What you need to do :: Transcription of the full listing is required, character for character.

Data section ::
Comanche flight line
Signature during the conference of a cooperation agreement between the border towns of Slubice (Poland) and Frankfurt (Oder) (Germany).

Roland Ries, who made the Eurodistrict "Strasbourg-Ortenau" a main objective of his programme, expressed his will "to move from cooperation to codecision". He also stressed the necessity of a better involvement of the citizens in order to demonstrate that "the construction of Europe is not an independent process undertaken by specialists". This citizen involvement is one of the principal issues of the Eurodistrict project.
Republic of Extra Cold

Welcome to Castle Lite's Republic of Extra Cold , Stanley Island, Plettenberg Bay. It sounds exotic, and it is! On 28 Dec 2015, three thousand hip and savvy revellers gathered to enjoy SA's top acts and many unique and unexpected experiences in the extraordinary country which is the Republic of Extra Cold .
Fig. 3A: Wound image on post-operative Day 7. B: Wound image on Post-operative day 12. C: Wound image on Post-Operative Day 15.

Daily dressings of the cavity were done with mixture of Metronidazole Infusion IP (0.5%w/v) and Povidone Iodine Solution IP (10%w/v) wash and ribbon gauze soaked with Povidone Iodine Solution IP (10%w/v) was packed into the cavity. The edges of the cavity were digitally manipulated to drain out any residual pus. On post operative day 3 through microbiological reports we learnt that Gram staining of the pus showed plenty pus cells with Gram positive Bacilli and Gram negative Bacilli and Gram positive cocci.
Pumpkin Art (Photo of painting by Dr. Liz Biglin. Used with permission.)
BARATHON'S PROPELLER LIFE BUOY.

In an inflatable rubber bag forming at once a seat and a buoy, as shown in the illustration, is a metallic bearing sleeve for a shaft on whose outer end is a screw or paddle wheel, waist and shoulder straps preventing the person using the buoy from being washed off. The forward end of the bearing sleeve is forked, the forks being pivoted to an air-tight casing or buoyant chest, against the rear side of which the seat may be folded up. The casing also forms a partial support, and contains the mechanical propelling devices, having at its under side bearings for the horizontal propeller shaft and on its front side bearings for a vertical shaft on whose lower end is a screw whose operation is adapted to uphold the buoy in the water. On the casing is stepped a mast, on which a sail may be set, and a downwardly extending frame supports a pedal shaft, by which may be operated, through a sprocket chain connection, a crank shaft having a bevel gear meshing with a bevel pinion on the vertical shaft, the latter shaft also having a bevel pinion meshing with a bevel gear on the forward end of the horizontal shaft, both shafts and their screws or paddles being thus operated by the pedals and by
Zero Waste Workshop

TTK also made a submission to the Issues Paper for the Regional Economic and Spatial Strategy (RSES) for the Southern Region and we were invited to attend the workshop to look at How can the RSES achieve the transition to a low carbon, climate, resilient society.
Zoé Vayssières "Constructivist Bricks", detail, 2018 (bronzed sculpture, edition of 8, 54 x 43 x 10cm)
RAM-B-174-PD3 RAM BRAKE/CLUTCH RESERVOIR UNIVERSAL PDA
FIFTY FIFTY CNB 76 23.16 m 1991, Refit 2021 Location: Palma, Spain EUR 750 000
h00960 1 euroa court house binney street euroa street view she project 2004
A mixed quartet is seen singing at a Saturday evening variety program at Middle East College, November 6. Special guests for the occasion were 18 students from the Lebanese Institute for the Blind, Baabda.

Written response ::
Comanche flight line
Signature during the conference of a cooperation agreement between the border towns of Slubice (Poland) and Frankfurt (Oder) (Germany).

Roland Ries, who made the Eurodistrict "Strasbourg-Ortenau" a main objective of his programme, expressed his will "to move from cooperation to codecision". He also stressed the necessity of a better involvement of the citizens in order to demonstrate that "the construction of Europe is not an independent process undertaken by specialists". This citizen involvement is one of the principal issues of the Eurodistrict project.
Republic of Extra Cold

Welcome to Castle Lite's Republic of Extra Cold , Stanley Island, Plettenberg Bay. It sounds exotic, and it is! On 28 Dec 2015, three thousand hip and savvy revellers gathered to enjoy SA's top acts and many unique and unexpected experiences in the extraordinary country which is the Republic of Extra Cold .
Fig. 3A: Wound image on post-operative Day 7. B: Wound image on Post-operative day 12. C: Wound image on Post-Operative Day 15.

Daily dressings of the cavity were done with mixture of Metronidazole Infusion IP (0.5%w/v) and Povidone Iodine Solution IP (10%w/v) wash and ribbon gauze soaked with Povidone Iodine Solution IP (10%w/v) was packed into the cavity. The edges of the cavity were digitally manipulated to drain out any residual pus. On post operative day 3 through microbiological reports we learnt that Gram staining of the pus showed plenty pus cells with Gram positive Bacilli and Gram negative Bacilli and Gram positive cocci.
Pumpkin Art (Photo of painting by Dr. Liz Biglin. Used with permission.)
BARATHON'S PROPELLER LIFE BUOY.

In an inflatable rubber bag forming at once a seat and a buoy, as shown in the illustration, is a metallic bearing sleeve for a shaft on whose outer end is a screw or paddle wheel, waist and shoulder straps preventing the person using the buoy from being washed off. The forward end of the bearing sleeve is forked, the forks being pivoted to an air-tight casing or buoyant chest, against the rear side of which the seat may be folded up. The casing also forms a partial support, and contains the mechanical propelling devices, having at its under side bearings for the horizontal propeller shaft and on its front side bearings for a vertical shaft on whose lower end is a screw whose operation is adapted to uphold the buoy in the water. On the casing is stepped a mast, on which a sail may be set, and a downwardly extending frame supports a pedal shaft, by which may be operated, through a sprocket chain connection, a crank shaft having a bevel gear meshing with a bevel pinion on the vertical shaft, the latter shaft also having a bevel pinion meshing with a bevel gear on the forward end of the horizontal shaft, both shafts and their screws or paddles being thus operated by the pedals and by
Zero Waste Workshop

TTK also made a submission to the Issues Paper for the Regional Economic and Spatial Strategy (RSES) for the Southern Region and we were invited to attend the workshop to look at How can the RSES achieve the transition to a low carbon, climate, resilient society.
Zoé Vayssières "Constructivist Bricks", detail, 2018 (bronzed sculpture, edition of 8, 54 x 43 x 10cm)
RAM-B-174-PD3 RAM BRAKE/CLUTCH RESERVOIR UNIVERSAL PDA
FIFTY FIFTY CNB 76 23.16 m 1991, Refit 2021 Location: Palma, Spain EUR 750 000
h00960 1 euroa court house binney street euroa street view she project 2004
A mixed quartet is seen singing at a Saturday evening variety program at Middle East College, November 6. Special guests for the occasion were 18 students from the Lebanese Institute for the Blind, Baabda.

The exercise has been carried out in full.